Regardless of the problems solved by middleware-based integration approaches, they are lacking in one area – rapid implementation tools. Middleware vendors publish the APIs required to manipulate queues and send or retrieve messages, but they do not supply tools for developing applications or robust testing and debugging tools that can be used on the delivered solution.

While a middleware-based strategy is an improvement over the complete Do It Yourself solution, it retains too many aspects of that approach. IT, or outsourcing integrators, must select an application integration environment and build a development infrastructure. Products additional to the middleware backbone – data transformation, process flow and possibly transaction management – must be evaluated, selected and integrated into the development infrastructure. A repeatable process must be created and implemented – this drives up cost and increases time to market.

Integration Infrastructure

A number of software vendors, systems integrators and standards bodies have set about to create an integration infrastructure. This approach combines architecture standards, integration tools and pre-built infrastructure to support the rapid assembly of existing legacy systems and packaged applications into larger information systems capable of supporting a set of streamlined business processes.

Integration infrastructures combine repository-based tools and run-time infrastructure for delivering enterprise applications using a component model. This approach supports standard interfaces (CORBA, Enterprise JavaBeans, DCOM) that are designed to loosely couple components to form complete business applications. A graphical development environment is required to support the task of developing and integrating components into applications.

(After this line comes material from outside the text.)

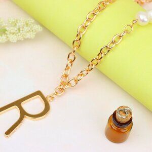 Elegant and chic rose gold necklace featuring a bold 'R' initial and a unique pearl accent. Perfect for adding a personalized touch to any outfit.
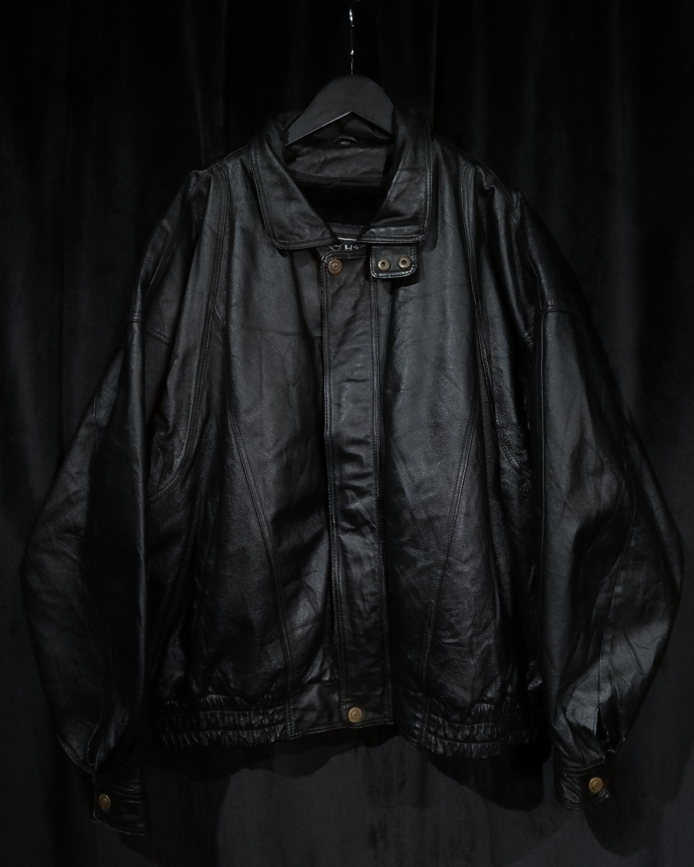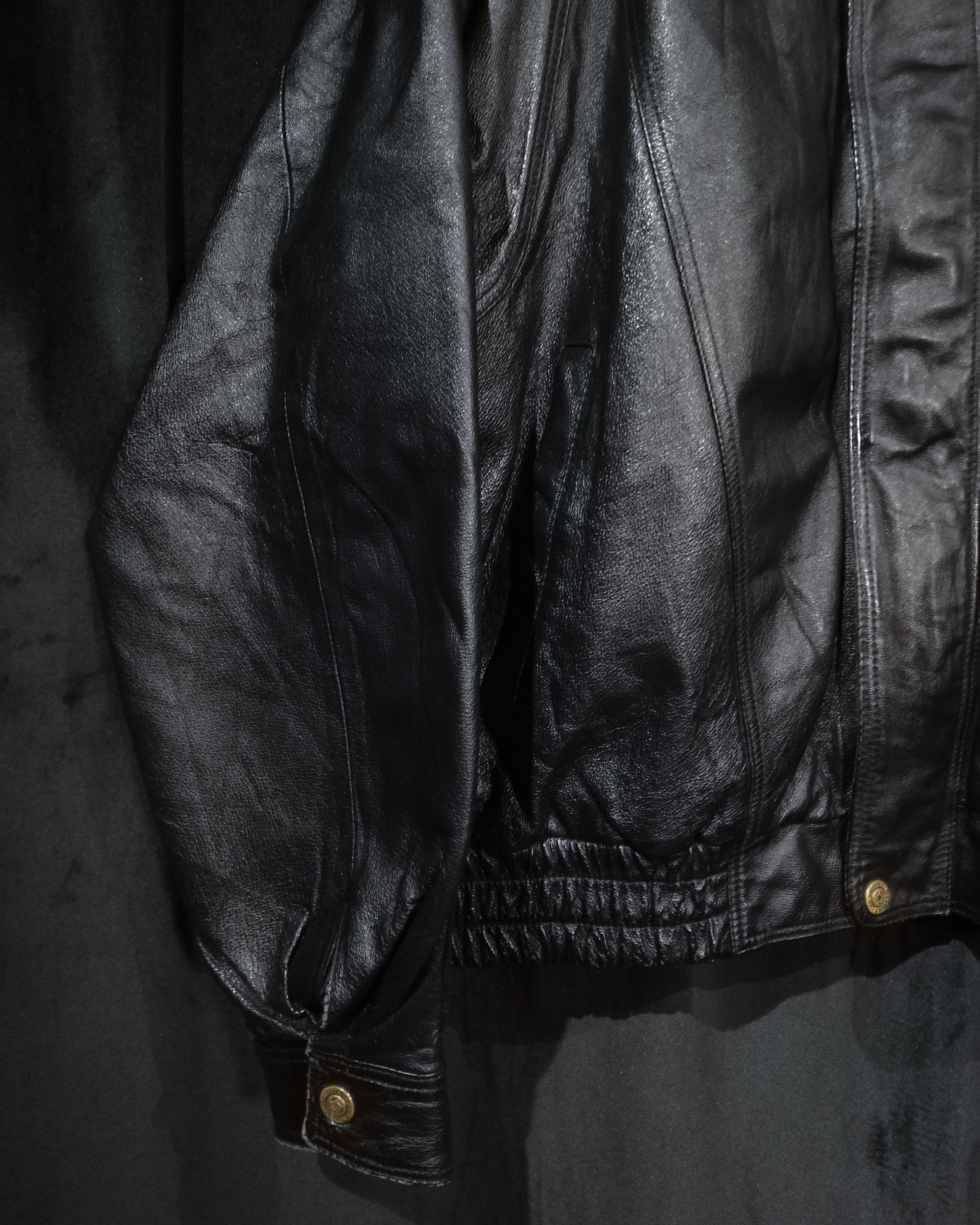 艶やかな光沢を帯びたブラックレザーをボディに用いたレザーブルゾンジャケット。

Use of standard interfaces along with communications protocols and products, process management and common data transformation deliver an integration interface that allows a wide variety of applications to be immediately integrated into a common infrastructure or application backbone.

The Object Management Group is adopting XML Metadata Interchange Format as a standard for exchanging and transforming data models.

XML is rapidly emerging as the standard mechanism for defining semantics for shared data structures. When XML data is carried over an HTTP transport layer, the problems of integrating the variety of modern interfaces is solved. XML is carried in a "stream" format, allowing it to be stored in a traditional file system or streamed across the Internet from a database or repository. More and more applications are being delivered with XML interfaces. Any such application using an agreed XML representation of shared data items can be immediately integrated into a larger application system.

Most mainframe applications will require a specific XML adapter to translate the input/output of mainframe legacy systems from their proprietary formats to a neutral representation as the basis for integration.

EAI also requires robust and flexible communications that are not tightly coupled with components or applications. Multiple forms of messaging have to be supported external to the applications themselves.

The most difficult challenge to rapidly integrating mainframe components into a larger enterprise application is the coordination of loosely coupled applications and components into a value-added business process.

This challenge arises from the fact that mainframe applications combine control flow with business and other logic and were not designed to participate in the process flow of an enterprise application. The challenge is increased when the applications live within an OLTP environment that was not designed to participate in a larger business process.

The only way to solve this challenge is through a process manager that can coordinate the activities of the separate applications while delivering high performance, availability and reliability. Middleware solutions attempt to solve this problem by having each application explicitly send necessary information to the next application in a process. This results in process logic being implicitly encoded into each of the participating applications and the delivery of a large- scale, but, fundamentally, point-to-point solution.